Punk circus, puppetry and physical theatre at London International Mime Festival

12:00 03 January 2013

Yeung Fai

Yeung Fai's Hand Stories. Picture: Mario del Curto

Archant

Aerial acrobatics, puppetry and more will be on show at the annual London International Mime Festival.

Simon Riccio's Nothing Moves If I Don't Push It. Picture: Ben HopperSimon Riccio's Nothing Moves If I Don't Push It. Picture: Ben Hopper

This year’s event opens on January 10 with the latest show from leading British aerial theatre company, Ockham’s Razor, in the Platform Theatre, part of the new University of the Arts complex.

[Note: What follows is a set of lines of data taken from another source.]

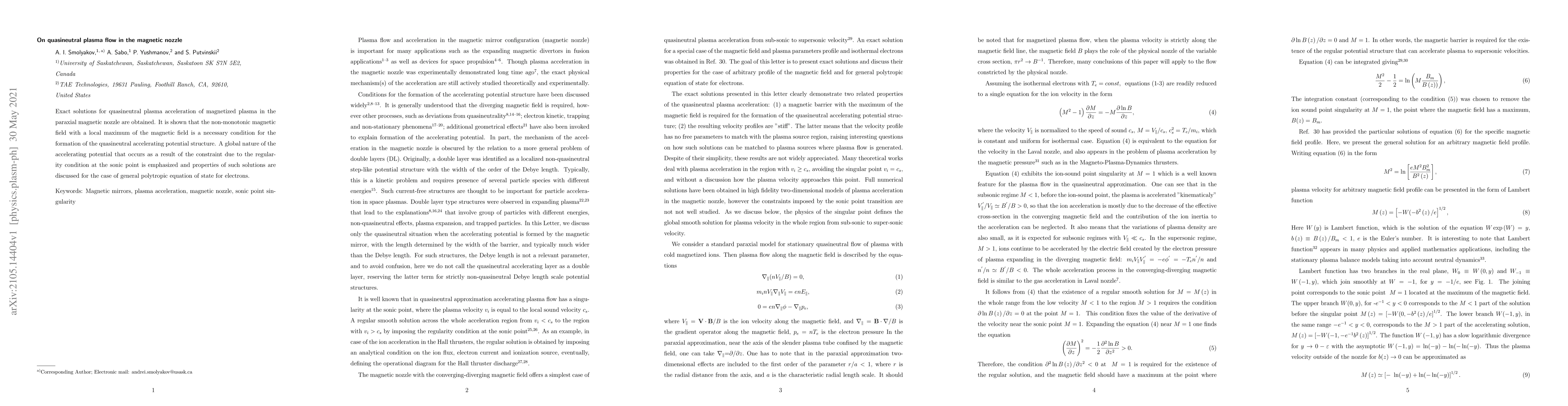 Exact solutions for quasineutral plasma acceleration of magnetized plasma in the paraxial magnetic nozzle are obtained. It is shown that the non-monotonic magnetic field with a local maximum of the magnetic field is a necessary condition for the formation of the quasineutral accelerating potential structure. A global nature of the accelerating potential that occurs as a result of the constraint due to the regularity condition at the sonic point is emphasized and properties of such solutions are discussed for the case of general polytropic equation of state for electrons.
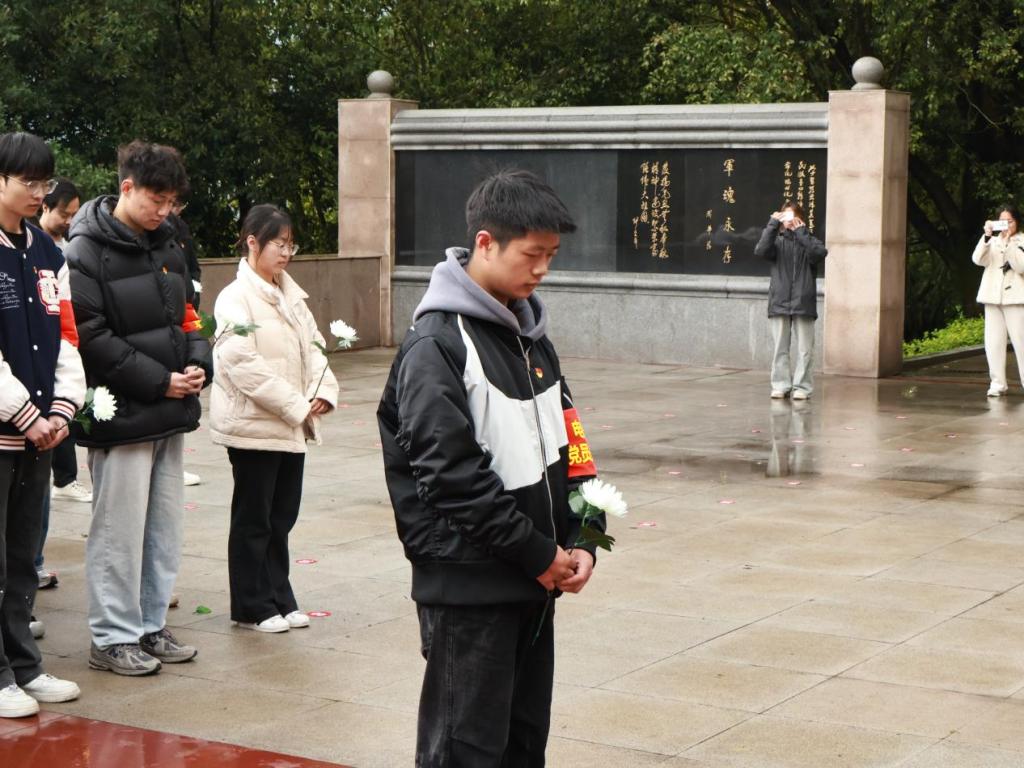 在莊嚴的烈士紀念碑前,師生們整齊列隊,團學干部帶領大家齊唱國歌,隨后默哀追念。接著,丁孟揚老師號召同學們要銘刻歷史印記、筑牢信仰根基、追尋紅色坐標。講話結束,全體師生向革命先烈敬獻鮮花,表達對革命先烈的無限崇敬和緬懷之情。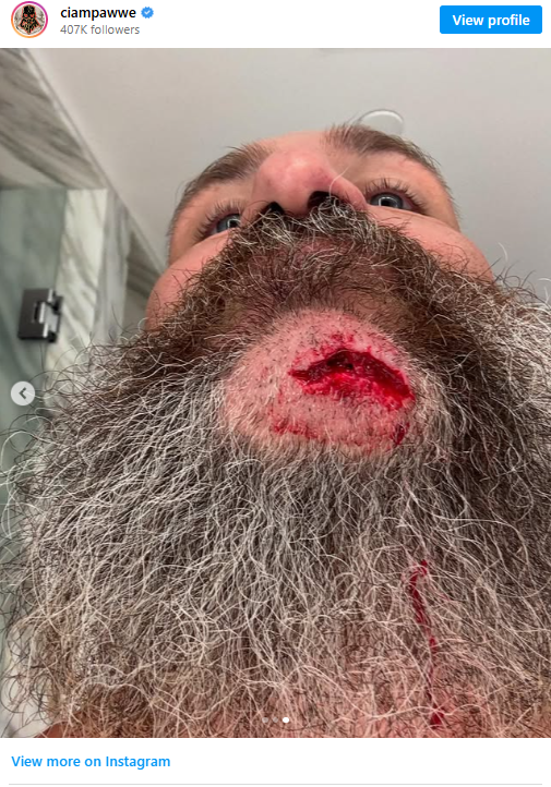Following an injury due to a fall on Saturday, Tommaso Ciampa had to shave off his beard.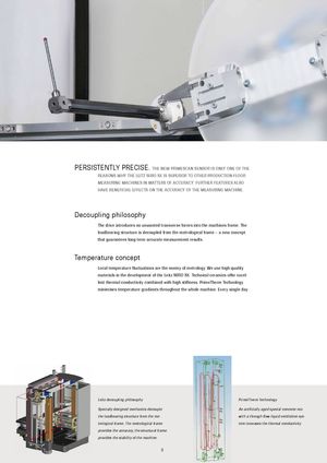 Persistently precise. The new PrimeScan sensor is only one of the reasons why the Leitz SIRIO SX is superior to other production-floor measuring machines in matters of accuracy. Further features also have beneficial effects on the accuracy of the measuring machine. Decoupling philosophy The drive introduces no unwanted transverse forces into the machines frame. The loadbearing structure is decoupled from the metrological frame – a new concept that guarantees long-term accurate measurement results. Temperature concept Local temperature fluctuations are the enemy of metrology. We use high-quality materials in the development of the Leitz SIRIO SX. Technical ceramics offer excel- lent thermal conductivity combined with high stiffness. PrimeTherm Technology minimises temperature gradients throughout the whole machine. Every single day. Leitz decoupling philosophy PrimeTherm Technology Specially designed mechanics decouple An artificially aged special concrete mix the loadbearing structure from the me- with a through-flow liquid ventilation sys- trological frame. The metrological frame tem increases the thermal conductivity. provides the accuracy, the structural frame provides the stability of the machine. 8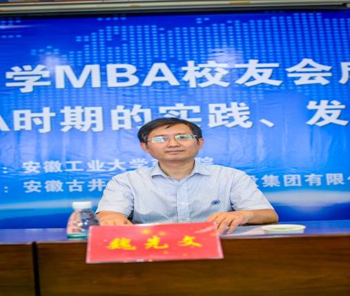 魏先文为大会致辞,他首先对会议的顺利召开表达了诚挚的祝贺,并介绍了安徽工业大学的办学历史、教育特色以及近两年来得发展状况、学生就业工作取得的成就。魏先文在发言中充分肯定了商学院和MBA教育中心在适应社会发展,提高学员实践等方面教学成果。最后,魏先文向新当选的首届MBA校友会会长授MBA校友会会旗。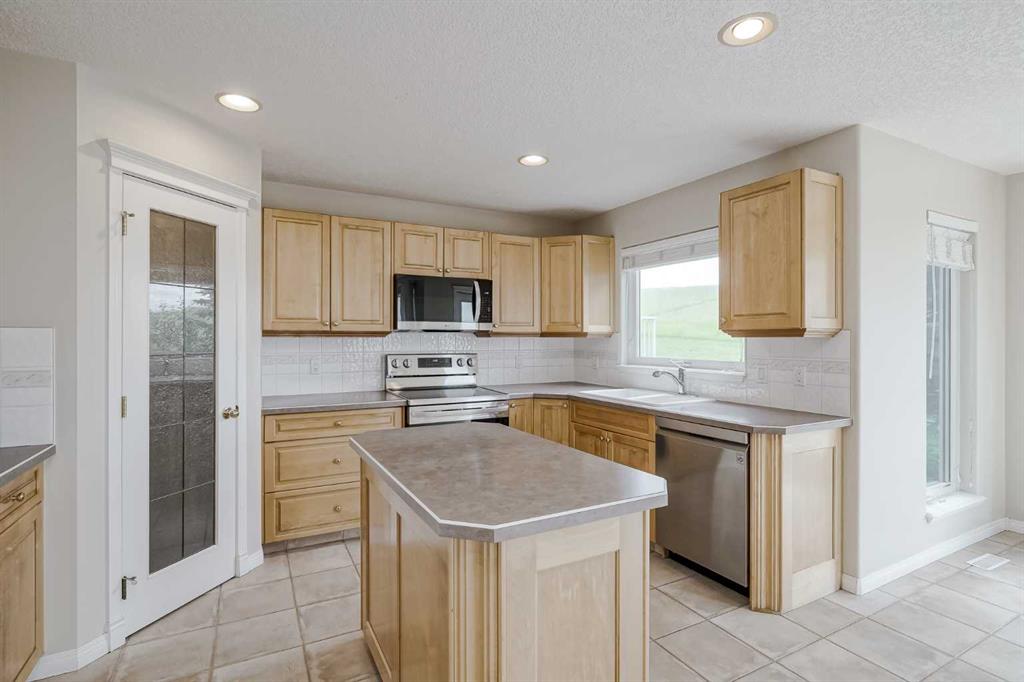 large island, newer stainless steel appliances(2025 fridge, stove ,and microwave), pantry, abundant cabinetry, and a sunny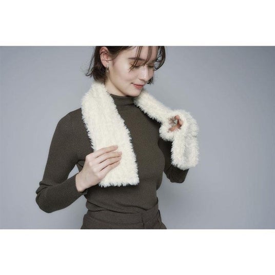 片側についたループに通すだけで首まわりを温かくカバーしてくれるネックアイテム。モカベージュとオフホワイトの2色展開。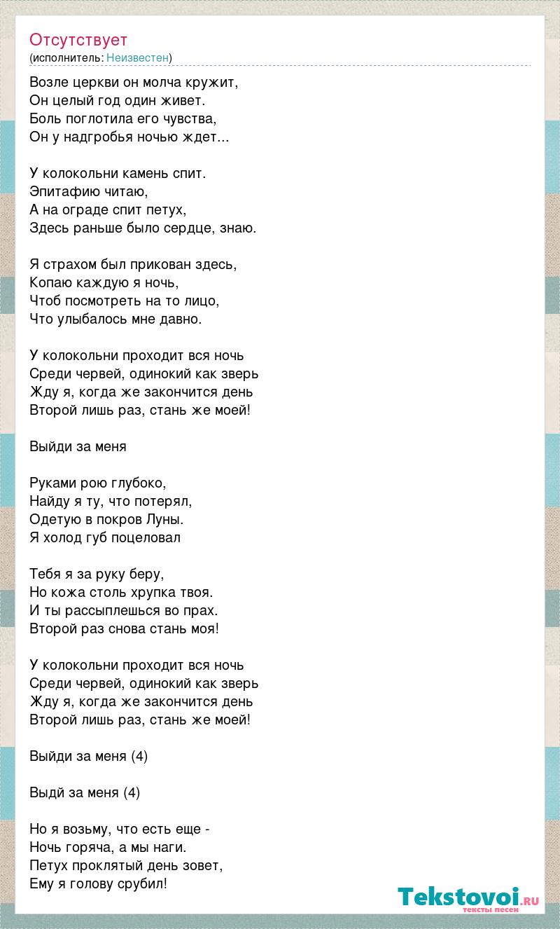Возле церкви он молча кружит, Он целый год один живет. Боль поглотила его чувства, Он у надгробья ночью ждет... У колокольни камень спит. Эпитафию читаю, А на ограде спит петух, Здесь раньше было сердце, знаю. Я страхом был прикован здесь, Копаю каждую я ночь, Чтоб посмотреть на то лицо, Что улыбалось мне давно. У колокольни проходит вся ночь Среди червей, одинокий как зверь Жду я, когда же закончится день Второй лишь раз, стань же моей! Выйди за меня Руками рою глубоко, Найду я ту, что потерял, Одетую в покров Луны. Я холод губ поцеловал Тебя я за руку беру, Но кожа столь хрупка твоя. И ты рассыплешься во прах. Второй раз снова стань моя! У колокольни проходит вся ночь Среди червей, одинокий как зверь Жду я, когда же закончится день Второй лишь раз, стань же моей! Выйди за меня (4) Выдй за меня (4) Но я возьму, что есть еще - Ночь горяча, а мы наги. Петух проклятый день зовет, Ему я голову срубил!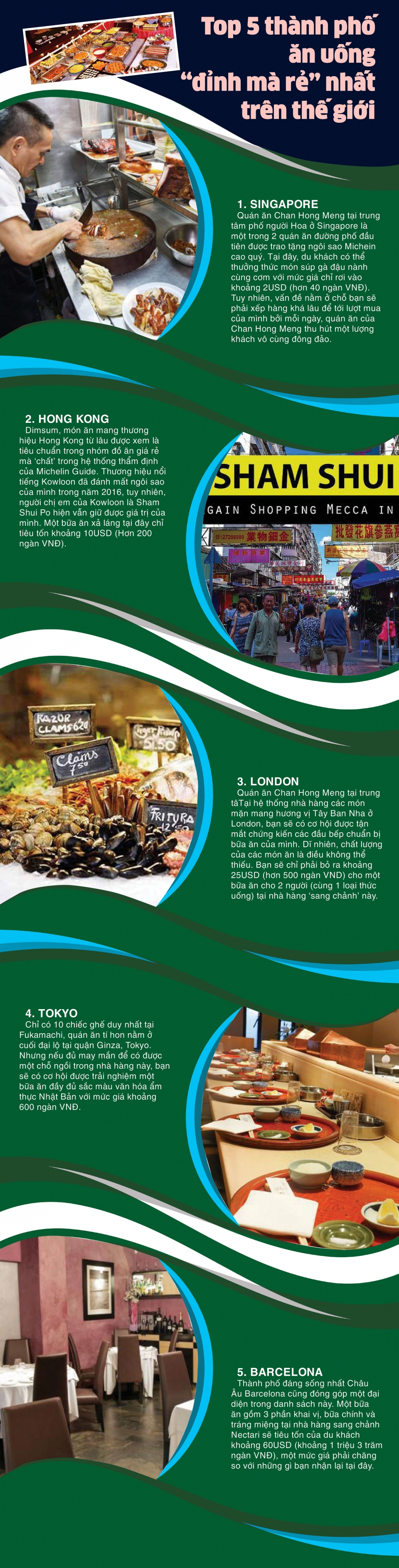 Singapore, Hong Kong hay London đều được biết đến như những điểm du lịch đắt đỏ nhất trên thế giới. Tuy nhiên, đây lại là 3 trong số 5 cái tên được đề cập trong danh sách những thành phố mang đến cho du khách những trải nghiệm về ẩm thực vừa tuyệt hảo lại vừa không ngốn nhiều “ngân sách”.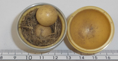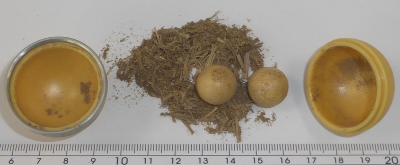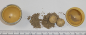 | Pictures: | 0,5 grams of original sample, next to the bowl (equipped with 2x 15 mm Ø grinding balls). |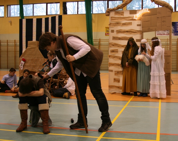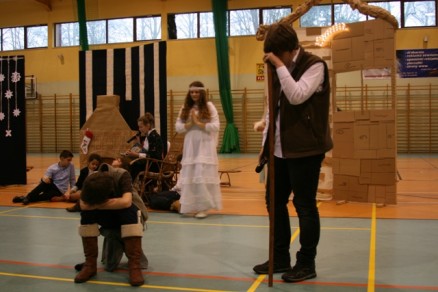 W przedstawieniu udział wzięli uczniowie klas I – III, którzy starali się przypomnieć najprostsze, wydawałoby się , prawdy Bożego Narodzenia: ludzie od zawsze szukają Boga, ale trzeba zatrzymać się w codziennej gonitwie, aby dać sobie szansę na odnalezienie Go. Taką okazją są właśnie nadchodzące święta i nie powinniśmy jej zmarnować - tak istotę Bożego Narodzenia podkreślało końcowe orędzie z betlejemskiej groty.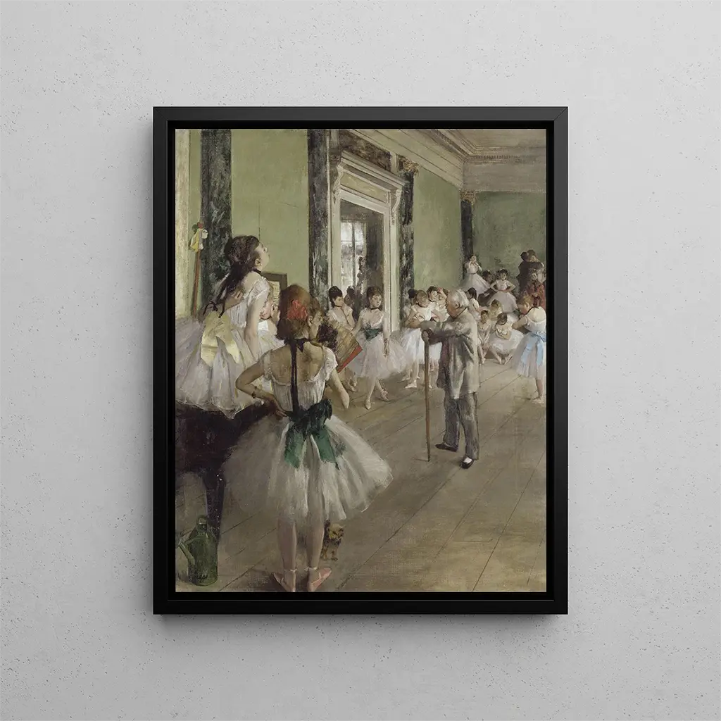 La classe di ballet di Edgar Degas è un'opera iconica che cattura l'essenza stessa della danza attraverso il prisma dell'impressionismo. Questo quadro, dipinto alla fine del XIX secolo, ci immerge nell'affascinante universo delle ballerine, mescolando grazia e rigore. La scena si svolge in una sala da ballo, dove giovani ragazze, vestite di tutù, si esercitano sotto lo sguardo attento della loro insegnante. Degas, maestro dell'osservazione, riesce a immortalare un istante fugace, rivelando non solo la bellezza del movimento, ma anche l'intimità di un momento di lavoro e disciplina. La luce soffusa che filtra attraverso le finestre crea un'atmosfera quasi eterea, invitando lo spettatore a immergersi in questo mondo delicato ed esigente. Stile e unicità dell’opera La classe di balletto si distingue per il suo stile unico, mescolando elementi realistici a un approccio impressionista. Degas, sebbene associato al movimento impressionista, si distingue per la sua capacità di catturare momenti di vita con una precisione quasi fotografica. Le pose delle ballerine, sia naturali che stilizzate, testimoniano una comprensione approfondita del corpo umano e della dinamica del movimento. I colori usati, che vanno dai pastelli morbidi alle tonalità più vivaci, evocano leggerezza e fluidità delle danze. L'artista gioca anche con angoli di vista audaci, offrendoci una prospettiva che ci colloca quasi come osservatori privilegiati, come se fossimo presenti nella sala da ballo. Questo approccio innovativo conferisce all'opera una profondità e una ricchezza che trascendono il semplice quadro, facendo di ogni sguardo una nuova scoperta. L’artista e la sua influenza Edgar Degas, nato nel 1834, è spesso considerato uno dei più grandi artisti del XIX secolo. La sua passione per la danza e il suo impegno verso la rappresentazione della vita moderna lo hanno portato a esplorare temi vari, ma è probabilmente il suo studio delle ballerine che ha maggiormente segnato la sua opera. Influenzato dai suoi contemporanei, Degas ha saputo fondere la tecnica accademica con un approccio più libero, ridefinendo così i codici della pittura. La sua influenza perdura ancora oggi, ispirando numerosi artisti e fotografi che cercano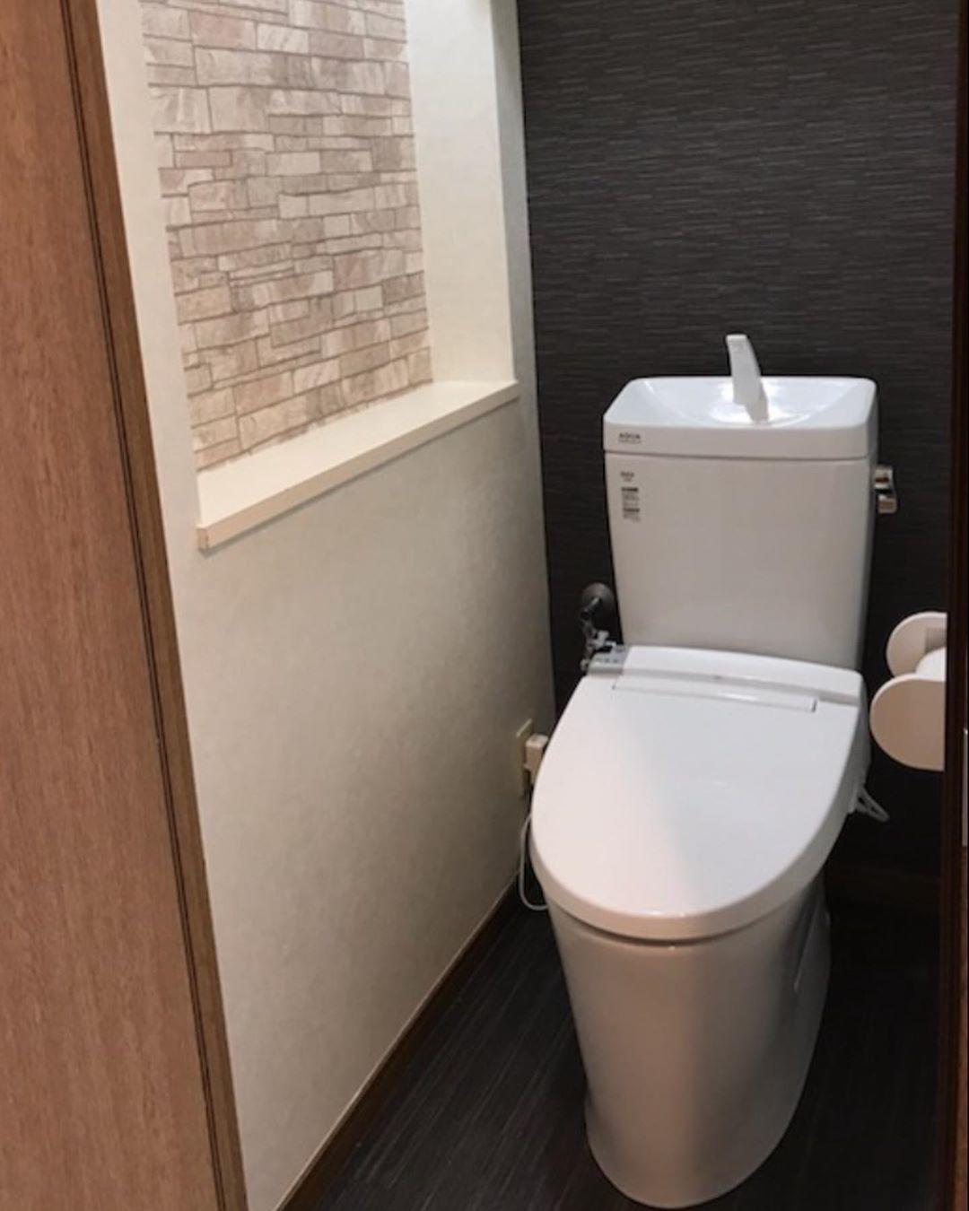 トイレの便座の水漏れが今回の工事のきっかけでした。 トイレ本体はお掃除がしやすく、リモコンで操作が可能な機種をお選び頂きました。 内装も大幅なイメージチェンジをしたいとの事で、壁紙は背面・ニッチにアクセントクロスをお選び頂きました。 色合いも落ち着いていて、素敵な空間に仕上がりました。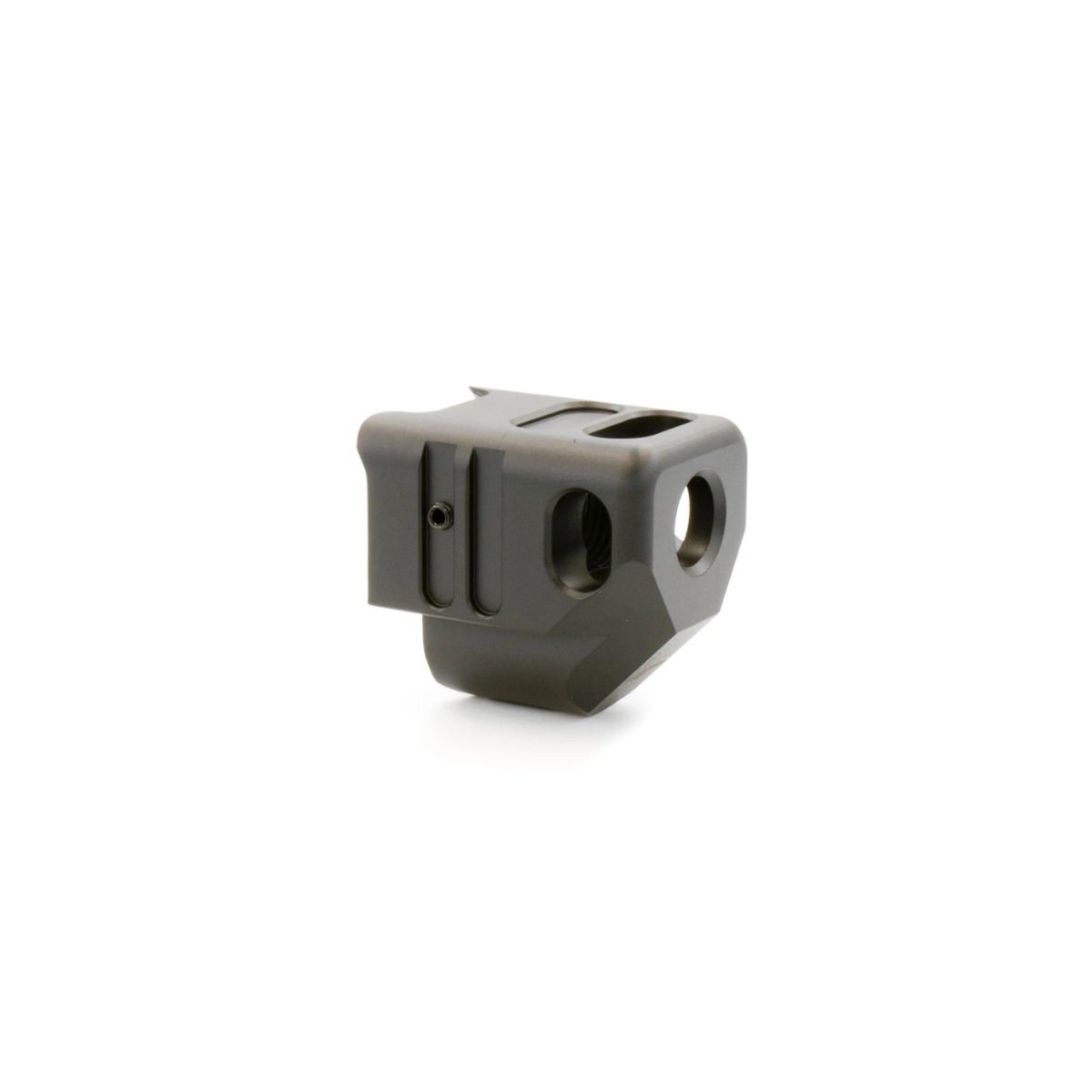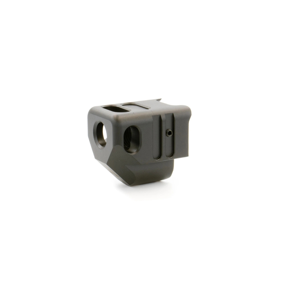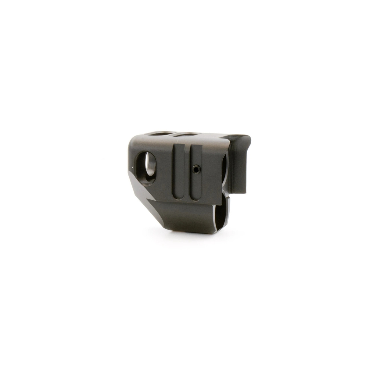- Wysoka jakość wykonania – kompensator wykonany z lekkiego aluminium, z powłoką odporą na zużycie (Cerakote lub podobna), co gwarantuje trwałość, odporność na warunki zewnętrzne i wielokrotne użycie.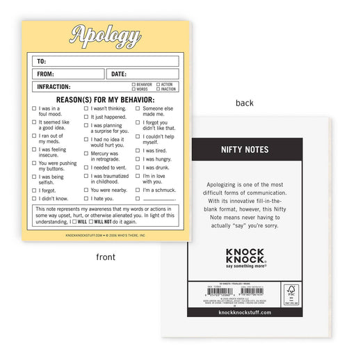 KNOCK KNOCKWith the Apology Nifty Note, we've taken the difficult, awkward act of contrition and made it easy. Now, by filling in the blanks, you never have t...

Over the course of 18 days 15 British and overseas’ companies will entertain with a season of dynamic and unusual performances in venues including the Barbican Pit and Theatre, Linbury Studio Theatre at the Royal Opera House, and Southbank Centre’s Purcell Room and Queen Elizabeth Hall.

Among the highlights is Yeung Fai’s Hand Stories at the Barbican Pit, which tells the true story of a young boy’s escape from China to the West, when the ancient craft of puppetry, handed down through five generations of his family, was banned as decadent during Mao’s Cultural Revolution.

Israeli visual theatre artists create a mysterious African landscape in Amit Drori’s Savanna at the same venue.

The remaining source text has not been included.